*** Opening of Data excerpt ***

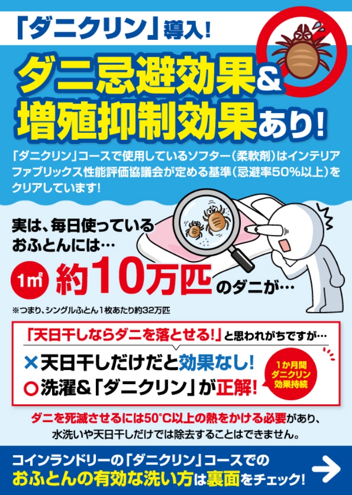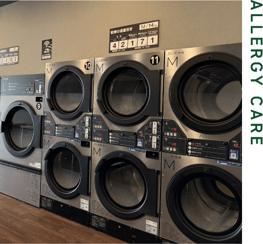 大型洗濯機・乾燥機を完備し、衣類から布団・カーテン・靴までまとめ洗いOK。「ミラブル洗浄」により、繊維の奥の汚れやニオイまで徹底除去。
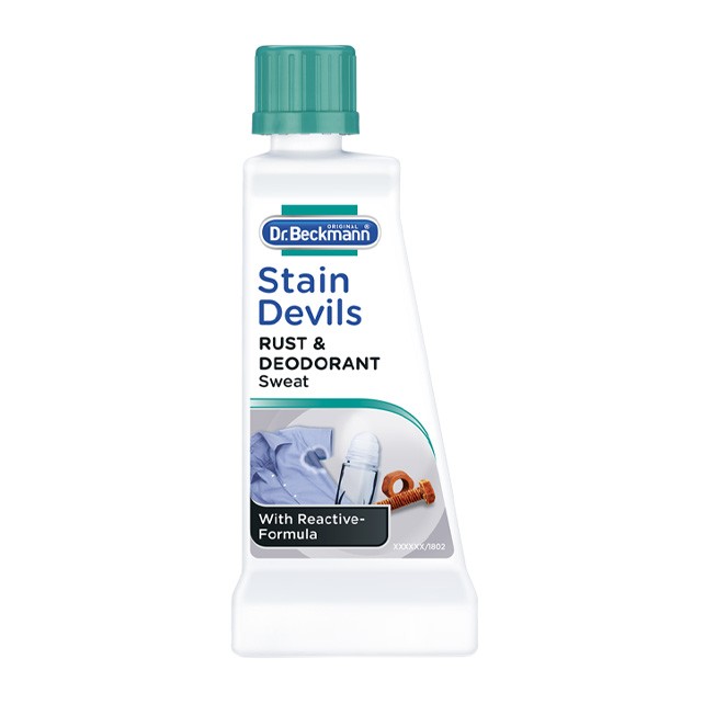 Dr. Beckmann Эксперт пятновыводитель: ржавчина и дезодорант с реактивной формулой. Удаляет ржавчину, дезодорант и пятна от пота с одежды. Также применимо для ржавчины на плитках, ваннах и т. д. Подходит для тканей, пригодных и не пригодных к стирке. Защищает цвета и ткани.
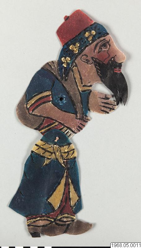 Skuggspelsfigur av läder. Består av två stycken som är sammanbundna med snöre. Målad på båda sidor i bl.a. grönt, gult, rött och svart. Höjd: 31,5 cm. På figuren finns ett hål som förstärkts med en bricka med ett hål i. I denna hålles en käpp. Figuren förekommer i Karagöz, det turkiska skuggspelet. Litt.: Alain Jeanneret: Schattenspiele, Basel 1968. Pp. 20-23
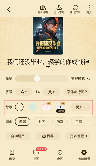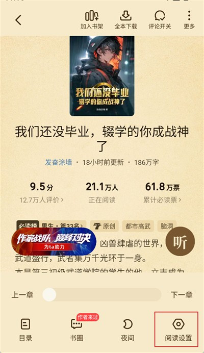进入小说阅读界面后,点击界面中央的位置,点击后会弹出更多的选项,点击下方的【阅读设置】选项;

*** Close of Data excerpt ***

Required work: All of the material above needs to be restated exactly, with no pictures.

Task response:
 大型洗濯機・乾燥機を完備し、衣類から布団・カーテン・靴までまとめ洗いOK。「ミラブル洗浄」により、繊維の奥の汚れやニオイまで徹底除去。
 Dr. Beckmann Эксперт пятновыводитель: ржавчина и дезодорант с реактивной формулой. Удаляет ржавчину, дезодорант и пятна от пота с одежды. Также применимо для ржавчины на плитках, ваннах и т. д. Подходит для тканей, пригодных и не пригодных к стирке. Защищает цвета и ткани.
 Skuggspelsfigur av läder. Består av två stycken som är sammanbundna med snöre. Målad på båda sidor i bl.a. grönt, gult, rött och svart. Höjd: 31,5 cm. På figuren finns ett hål som förstärkts med en bricka med ett hål i. I denna hålles en käpp. Figuren förekommer i Karagöz, det turkiska skuggspelet. Litt.: Alain Jeanneret: Schattenspiele, Basel 1968. Pp. 20-23
进入小说阅读界面后,点击界面中央的位置,点击后会弹出更多的选项,点击下方的【阅读设置】选项;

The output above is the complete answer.